5. New Form of Revolving Note. Exhibit A to the Credit Agreement is amended to read as set forth in Exhibit A hereto, which Exhibit A is made a part of the Credit Agreement as Exhibit A.
6. New Schedules. Schedules 5.1, 5.2 and 5.11 of the Credit Agreement are amended to read as set forth on Exhibit B hereto.
7. No Other Changes. Except as explicitly amended by this Amendment, all of the terms and conditions of the Credit Agreement shall remain in full force and effect and shall apply to any advance or letter of credit thereunder.

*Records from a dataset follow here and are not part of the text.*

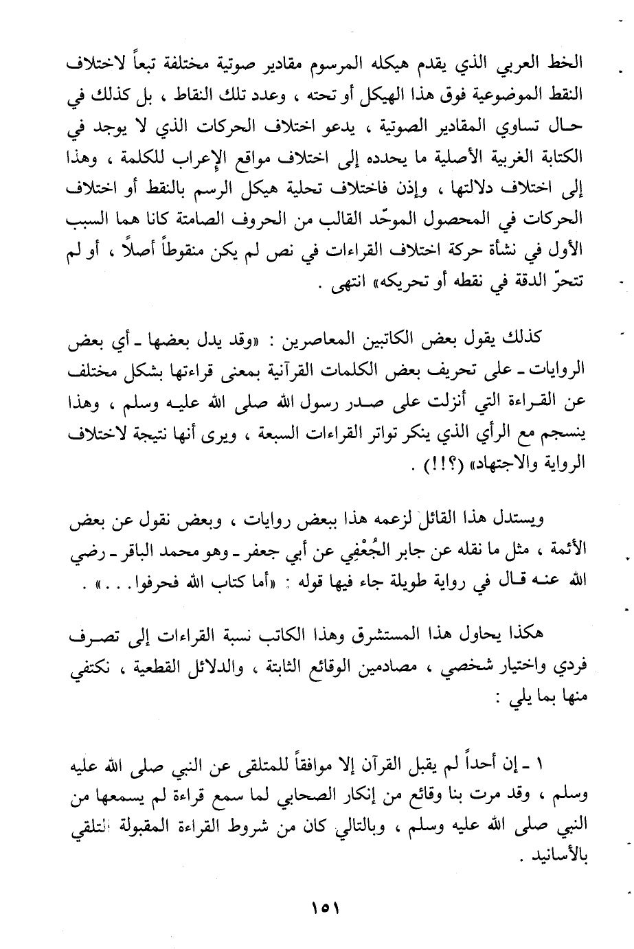 هكذا يحاول هذا المستشرق وهذا الكاتب نسبة القراءات إلى تصرف فردي واختيار شخصي، مصادمين الوقائع الثابتة، والدلائل القطعية، نكتفي منها بما يلي: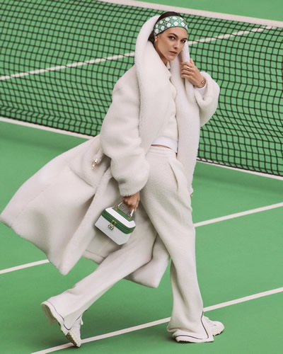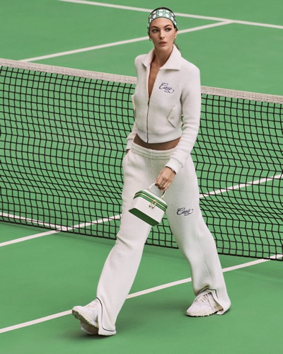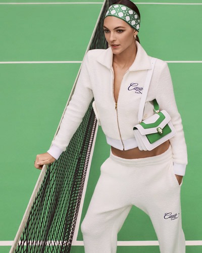 Dividida em dois lançamentos, a coleção de 7 peças conduz através dos principais mundos de inspiração da Casablanca: o esporte com o Après Tennis Story e o patrimônio artístico com o Mosaic Story. Inspirado nos estilos clássicos de tênis e elementos de design gráfico, para a primeira história, Casablanca eleva o visual do après sport jogando sobre o contraste icônico entre um fundo branco e toques de verde. A mistura única de couro perfurado branco, ferragens douradas e alças de madeira inéditas refere-se imediatamente ao equipamento, ao clima, às cores, aos detalhes, ao visual e à estética elegante do mundo do tênis.
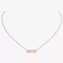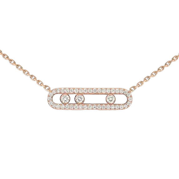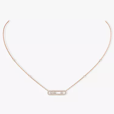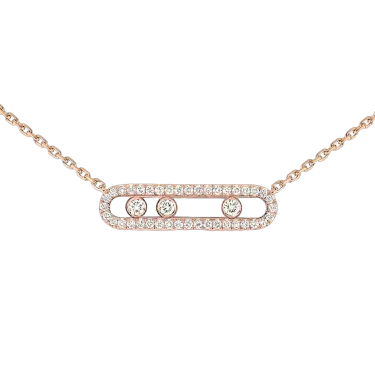 Discover this 18 carat pink gold pavé diamond necklace from the Baby Move jewelry collection. This diamond necklace for women fully handcrafted will set down at the neckline with finesse. Any woman who seek for a trendy diamond jewel, easy to wear will love this pink gold diamond necklace: the three moving diamonds, symbols of the love of yesterday, today and tomorrow, shine according to one's movements. The fine setting echoes back the purity of the stones. The shimmering pink gold, created by Messika House, is particularly soft thus the pavé necklace is a discreet luxury jewel. A chic detail: the adorning diamonds on the chain.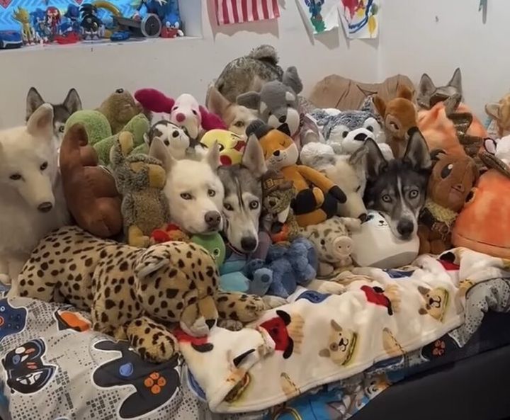 一体何匹いるでしょうか! ぬいぐるみの中にいる犬さん、見つけられる?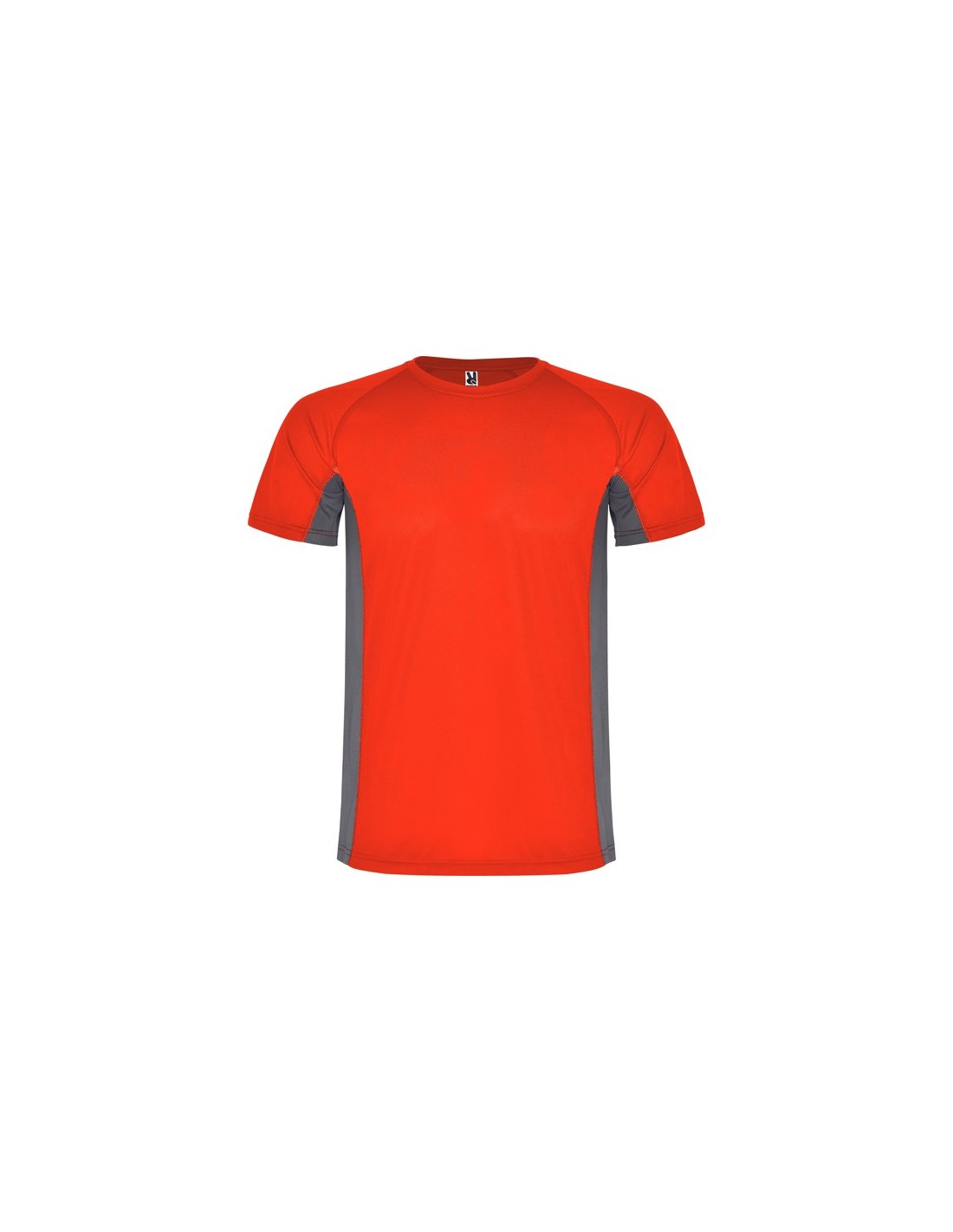 Camiseta técnica combinada con dos tejidos de poliéster, manga corta de estilo ranglán. Tejido principal bird's eye y paneles laterales e interior de la manga con tejido micro perforado. Cuello redondo con cubrecosturas de refuerzo en su interior. Camiseta de tejido confortable y fácilmente adaptable al cuerpo.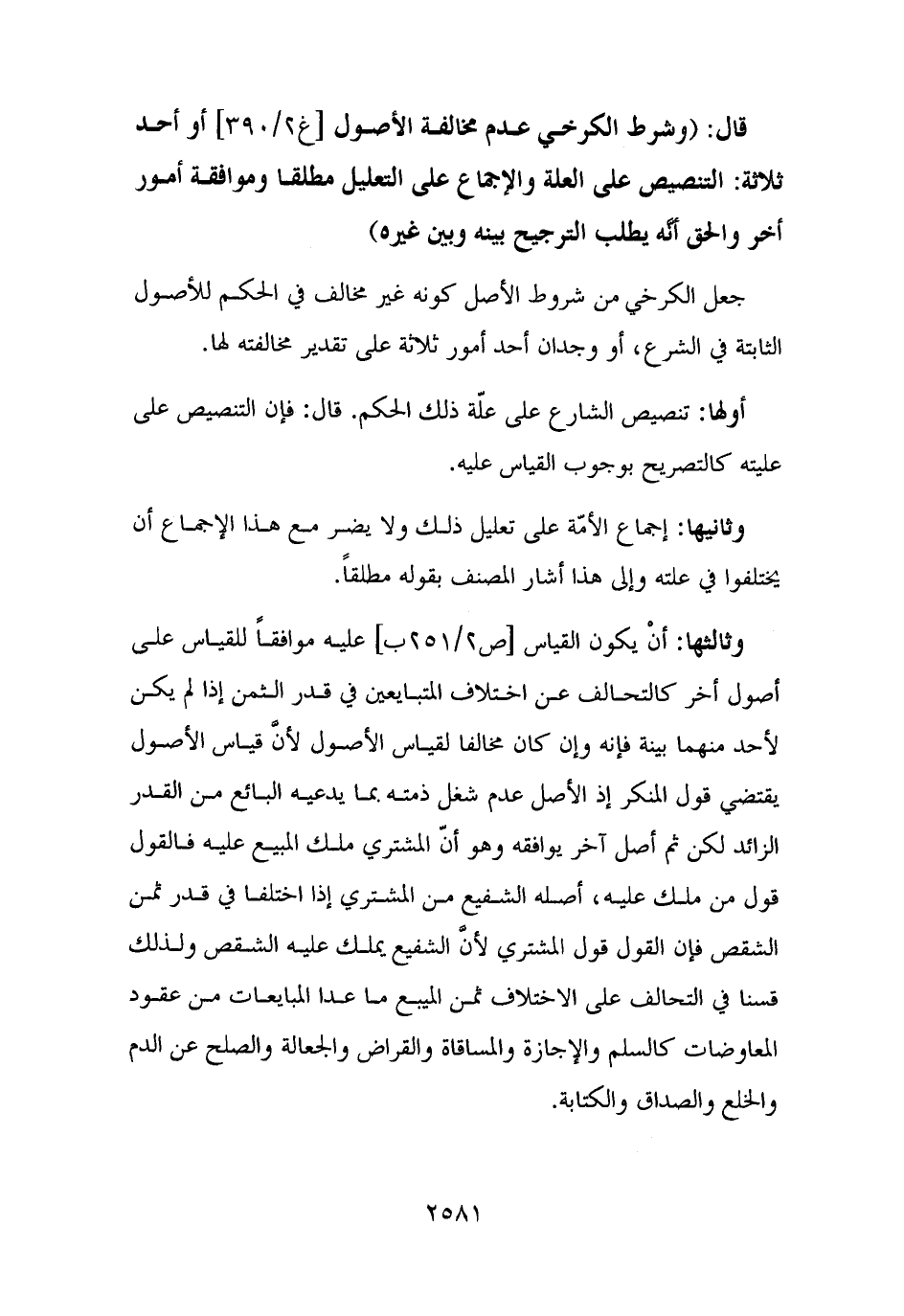 قال: (وشرط الكرخي عدم مخالفة الأصول أو أحد ثلاثة: التنصيص على العلة والإجماع على التعليل مطلقا وموافقة أمور أخر والحق أنَّه يطلب الترجيح بينه وبين غيره)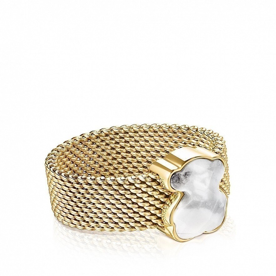 Кольцо TOUS Mesh Color из стали с золотистым ионным напылением, с медвежонком из хаулита и каемкой из вермеля. Размер медвежонка: 1,1 см. Ширина кольца: 8 мм. Серебро высшей пробы, покрытое золотом 18 карат минимальной толщины от 3 до 5 микрон, без каких-либо промежуточных слоев.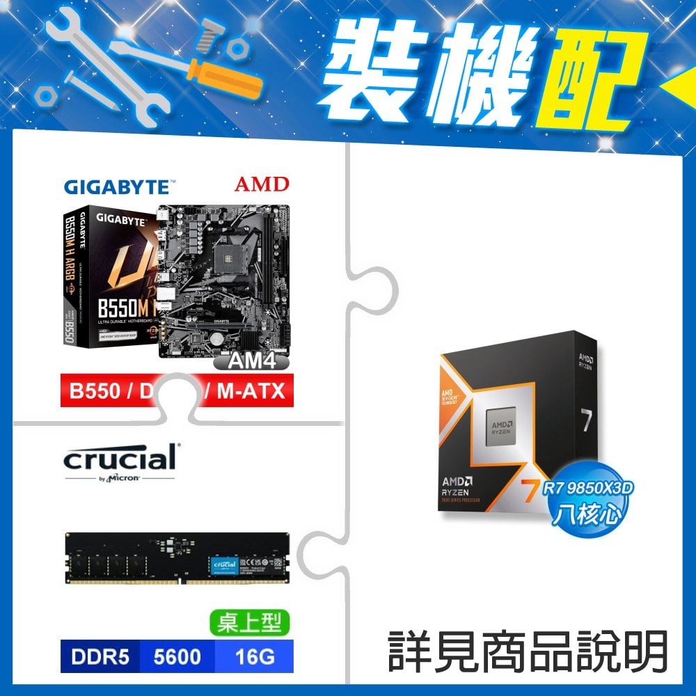 ☆裝機配★ AMD R7 9850X3D+技嘉 B550M H ARGB D4 MATX主機板+美光 DDR5-5600 16G 記憶體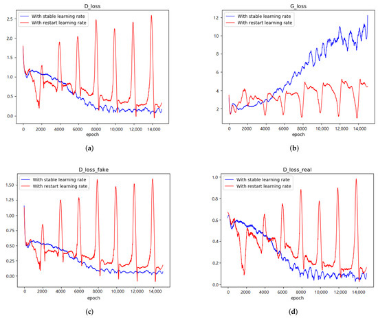 Loss lines with a constant learning rate (blue line) and restart learning rate (red line). (a) shows the losses in D where it is a composition of and , (b) refers to the losses in G, (c) illustrates the losses when D has predicted a target image as a generated image (), and (d) depicts the losses when D distinguishes a generated image as a target image ().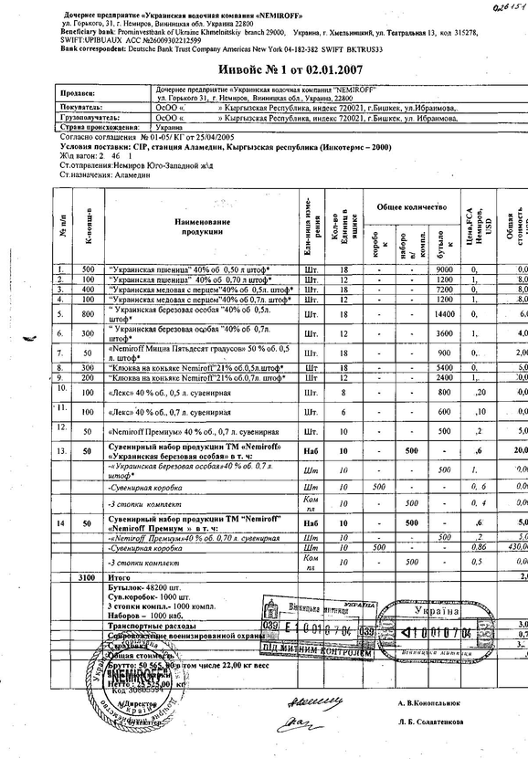 Рис.2.7 Приклад оформлення інвойса до експортної ВМД при експорті горілчаної продукції в Киргизстан залізничним транспортом (митним перевізником)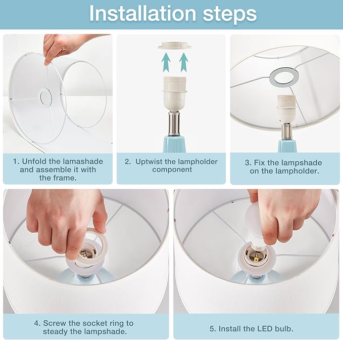 GyroVu Table Lamp Set of 2, 18.63” Ceramic Lamp Classic Beside Lamps Nightstand Lamp Modern Cute Lamp for Living Room, Bedroom & Office Rocker Swtich Sky Blue-LED Bulbs Included

8. Waiver of Defaults. The Borrower is in default of the following provisions of the Credit Agreement as they existed prior to the date of this Agreement (collectively, the “Existing Financial Covenant Defaults”):
Section/Covenant | Periods in Default | |
Section 6.2(c) Minimum Earnings Before Taxes | October 2004 and November 2004 |
In addition, the Borrower has advised the Lender that it has paid a management fee of $37,500 to Spell Capital Partners, LLC (“Spell”) in the calendar quarter ending on December 31, 2004. Under Section 2 of the Subordination Agreement dated as of September 27, 2004 by and among the Bank, the Borrower, Medallion Capital, Inc. (“Medallion”) and Spell, the Borrower agreed to not pay Spell a management fee in excess of $31,250 in any calendar quarter. Under Section 7.1(i) of the Credit Agreement, it is an Event of Default if there is a default under any material contract of the Borrower (a contract being deemed “material” if it exceeds $50,000 of amounts remaining unpaid by the Borrower) (collectively with the Existing Financial Covenant Defaults, the “Existing Defaults”).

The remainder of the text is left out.